WORK ORDER - All of the entries need to be printed again exactly; pictures are the only thing to omit.

PROVIDED ENTRIES -
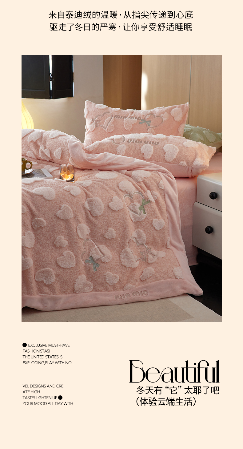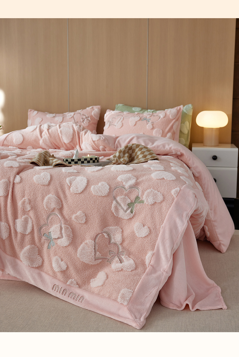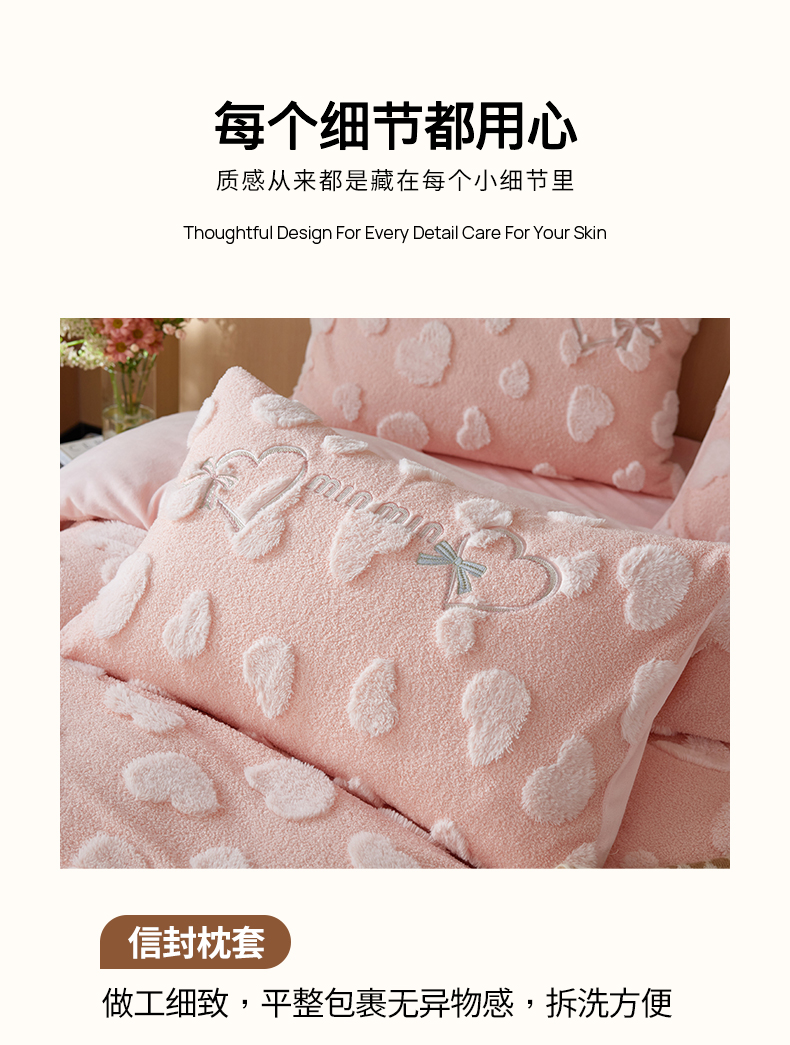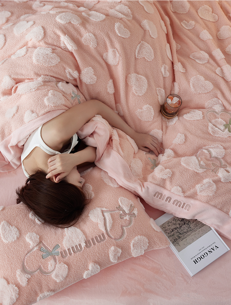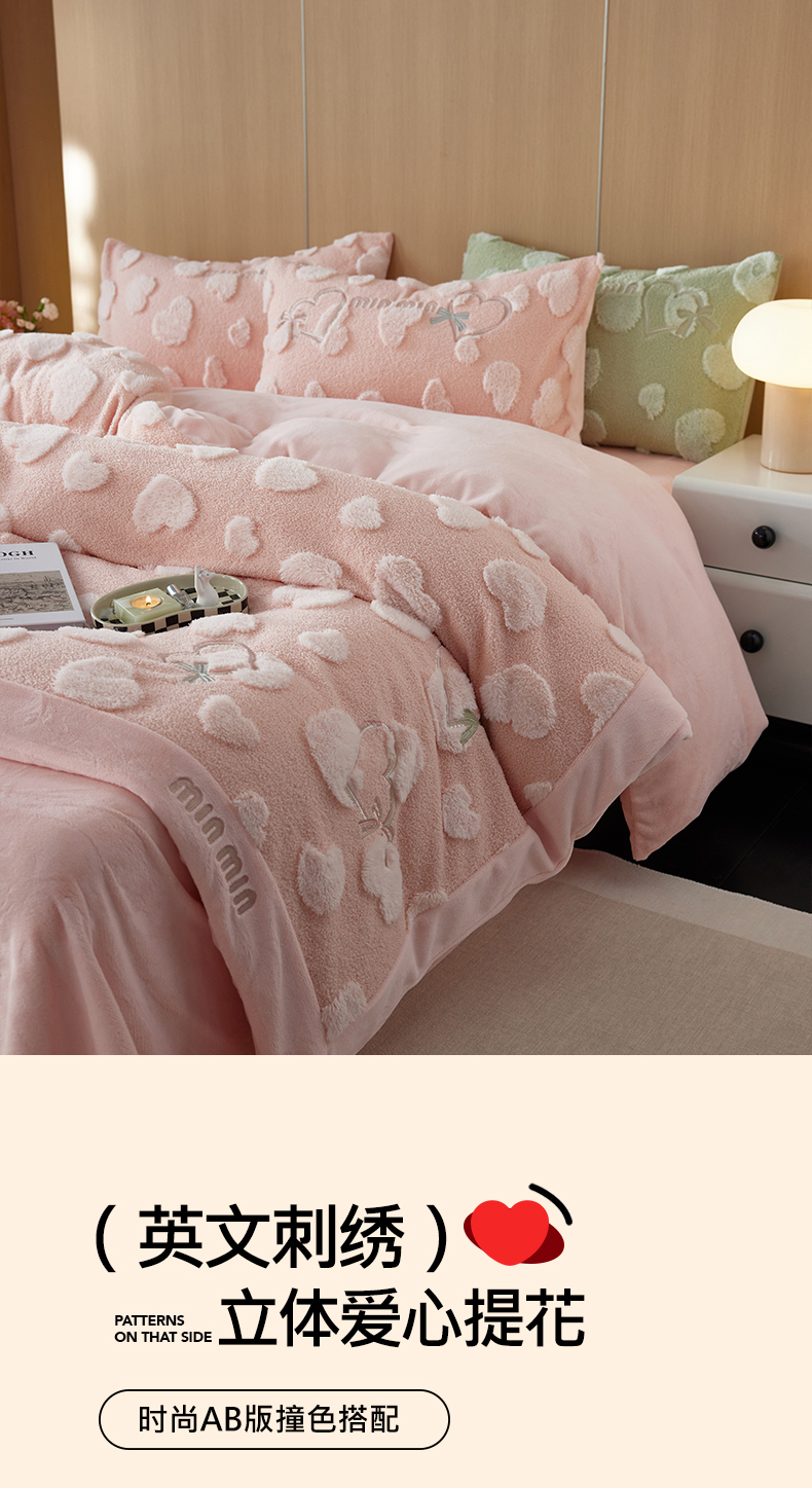 安莱生活 2024新款minmin泰迪绒立体提花爱心四件套 爱心绒-樱花粉
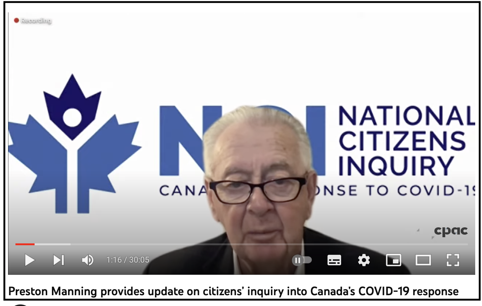 2022 年 12 月 20 日,前改革党领导人普雷斯顿·曼宁 (Preston Manning) 介绍了公民独立调查的最新情况,该调查旨在调查对加拿大各级政府在COVID-19 期间行为的反馈。 (截图自 Youtube)
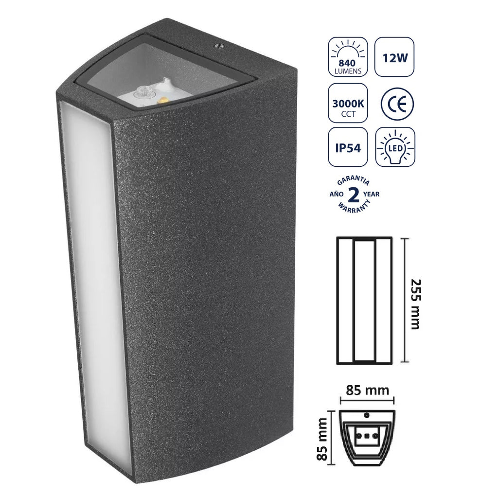 Lámpara De Pared Exterior Negra LED 12W - Luz Cálida 3000K, 840Lm. Eficiencia Energética.Luminaria.
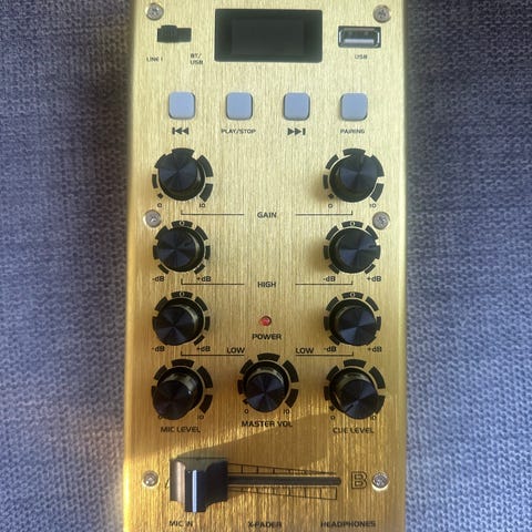 Omnitronic Gnome 202P mini mixer, en kompakt 2-kanals DJ mixer med Bluetooth og indbygget MP3/USB-afspiller, crossfader, EQ og mikrofonindgang. Medfølger jack/RCA-kabler klar til tilslutning. Perfekt til små setups og nem transport.
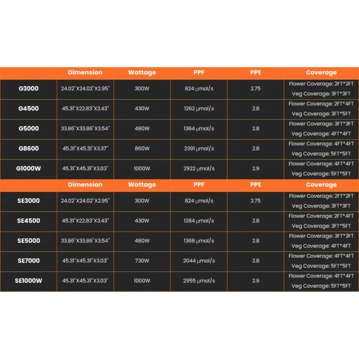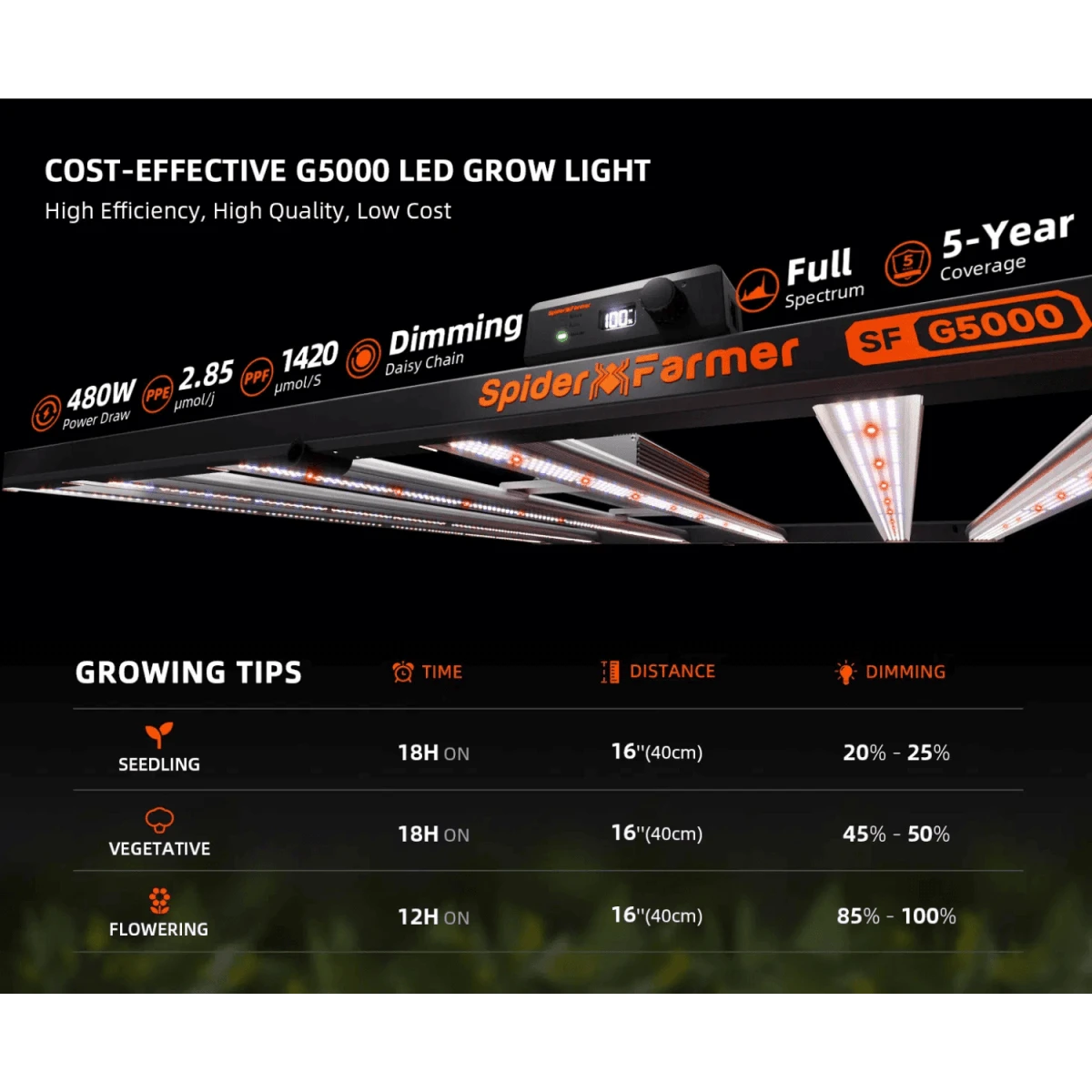 With an impressive PPE of 2.85 µmol/J and a power draw of 480W, the G5000 maximizes returns on energy investment while reducing heat output for simplified temperature control.
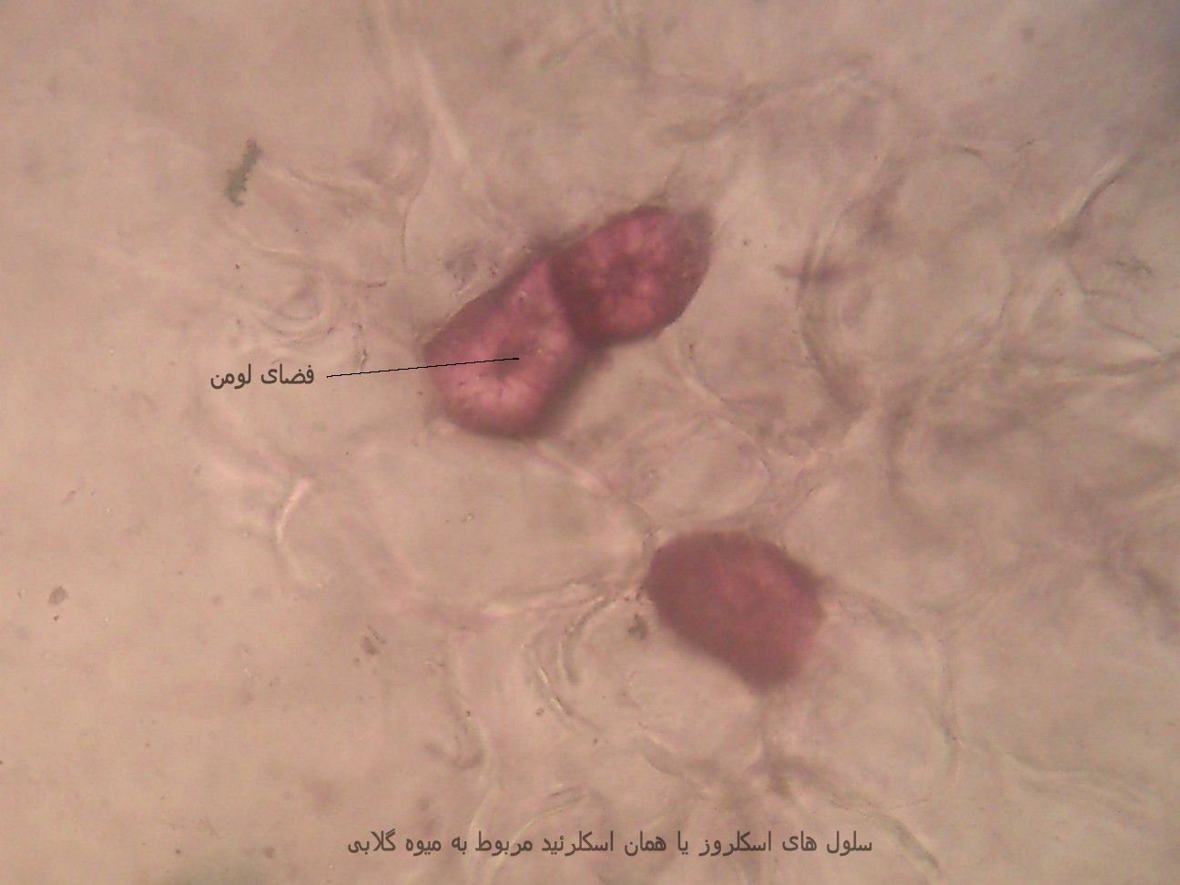 3. در تصویر زیر یک سلول اسکلرانشیم از نوع اسکلروز یا همان اسکلرئید که مربوط به میوه گلابی است قابل مشاهده می باشد که با فوشین بازی رنگ آمیزی شده است.

EXPECTED ANSWER -
 安莱生活 2024新款minmin泰迪绒立体提花爱心四件套 爱心绒-樱花粉
 2022 年 12 月 20 日,前改革党领导人普雷斯顿·曼宁 (Preston Manning) 介绍了公民独立调查的最新情况,该调查旨在调查对加拿大各级政府在COVID-19 期间行为的反馈。 (截图自 Youtube)
 Lámpara De Pared Exterior Negra LED 12W - Luz Cálida 3000K, 840Lm. Eficiencia Energética.Luminaria.
 Omnitronic Gnome 202P mini mixer, en kompakt 2-kanals DJ mixer med Bluetooth og indbygget MP3/USB-afspiller, crossfader, EQ og mikrofonindgang. Medfølger jack/RCA-kabler klar til tilslutning. Perfekt til små setups og nem transport.
 With an impressive PPE of 2.85 µmol/J and a power draw of 480W, the G5000 maximizes returns on energy investment while reducing heat output for simplified temperature control.
 3. در تصویر زیر یک سلول اسکلرانشیم از نوع اسکلروز یا همان اسکلرئید که مربوط به میوه گلابی است قابل مشاهده می باشد که با فوشین بازی رنگ آمیزی شده است.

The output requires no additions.